🤖 AI Summary
High communication overhead during training and poor adaptability to multimodal tasks hinder semantic communication in dynamic wireless environments. Method: This paper proposes the first self-supervised pretraining-fine-tuning framework for multimodal semantic communication. It jointly models visual and depth modalities, introducing a co-learning mechanism that enforces both modality-invariant and modality-specific representations to achieve disentangled semantic feature extraction. Computationally intensive pretraining is offloaded to edge or cloud servers via self-supervision, drastically reducing on-device training communication.
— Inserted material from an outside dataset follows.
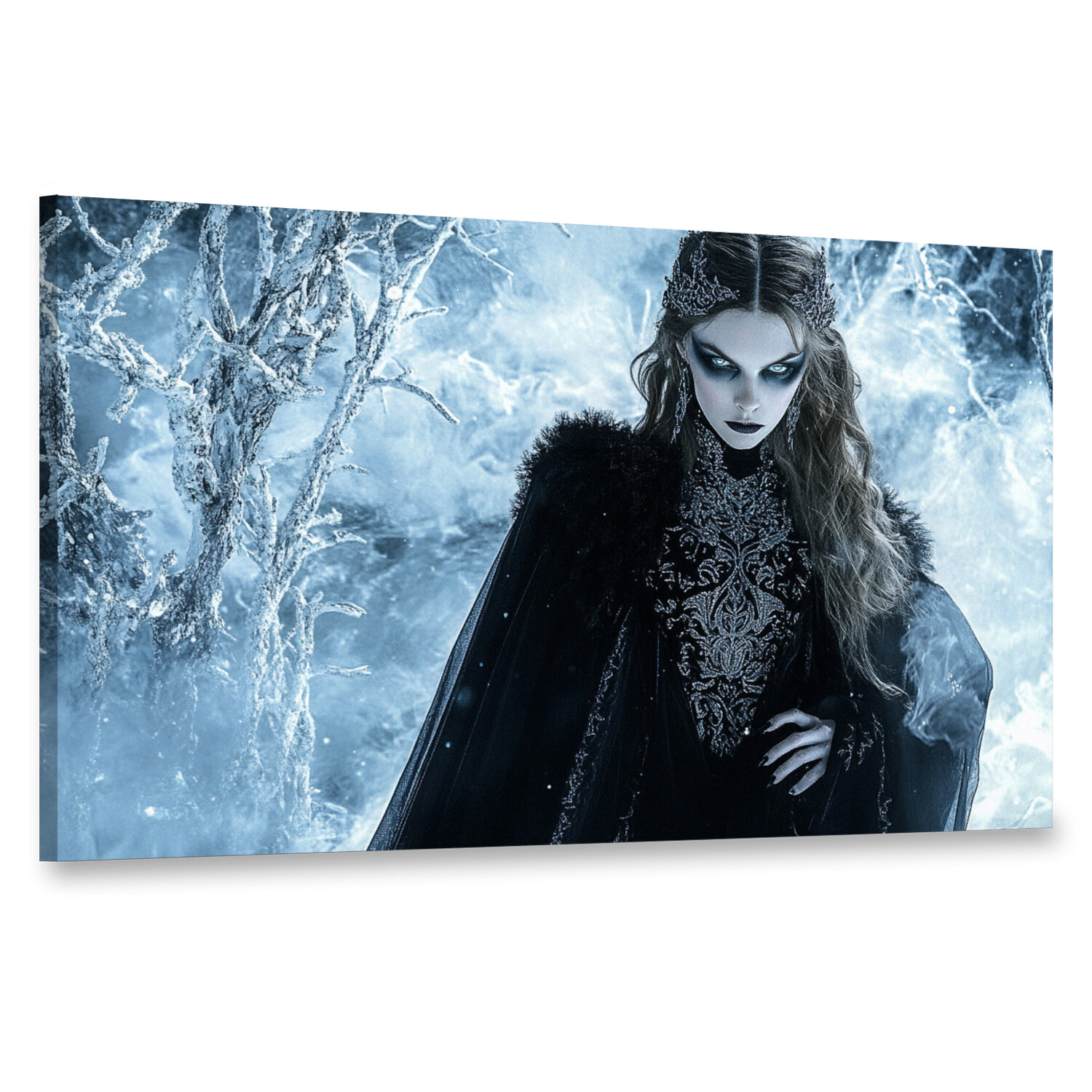 10 цен на Картина на холсте интерьерная 100х60 см, Хель, скандинавская богиня, могущественная фигура, бледная кожа, голубые глаза

Results: Evaluated on NYU Depth V2, the method reduces training communication cost significantly compared to supervised baselines, while maintaining or improving semantic reconstruction fidelity and downstream task performance—achieving, for the first time, effective decoupling of training and inference communication burdens.
📝 Abstract
Semantic communication is emerging as a promising paradigm that focuses on the extraction and transmission of semantic meanings using deep learning techniques. While current research primarily addresses the reduction of semantic communication overhead, it often overlooks the training phase, which can incur significant communication costs in dynamic wireless environments. To address this challenge, we propose a multi-modal semantic communication system that leverages multi-modal self-supervised learning to enhance task-agnostic feature extraction. The proposed approach employs self-supervised learning during the pre-training phase to extract task-agnostic semantic features, followed by supervised fine-tuning for downstream tasks. This dual-phase strategy effectively captures both modality-invariant and modality-specific features while minimizing training-related communication overhead. Experimental results on the NYU Depth V2 dataset demonstrate that the proposed method significantly reduces training-related communication overhead while maintaining or exceeding the performance of existing supervised learning approaches. The findings underscore the advantages of multi-modal self-supervised learning in semantic communication, paving the way for more efficient and scalable edge inference systems.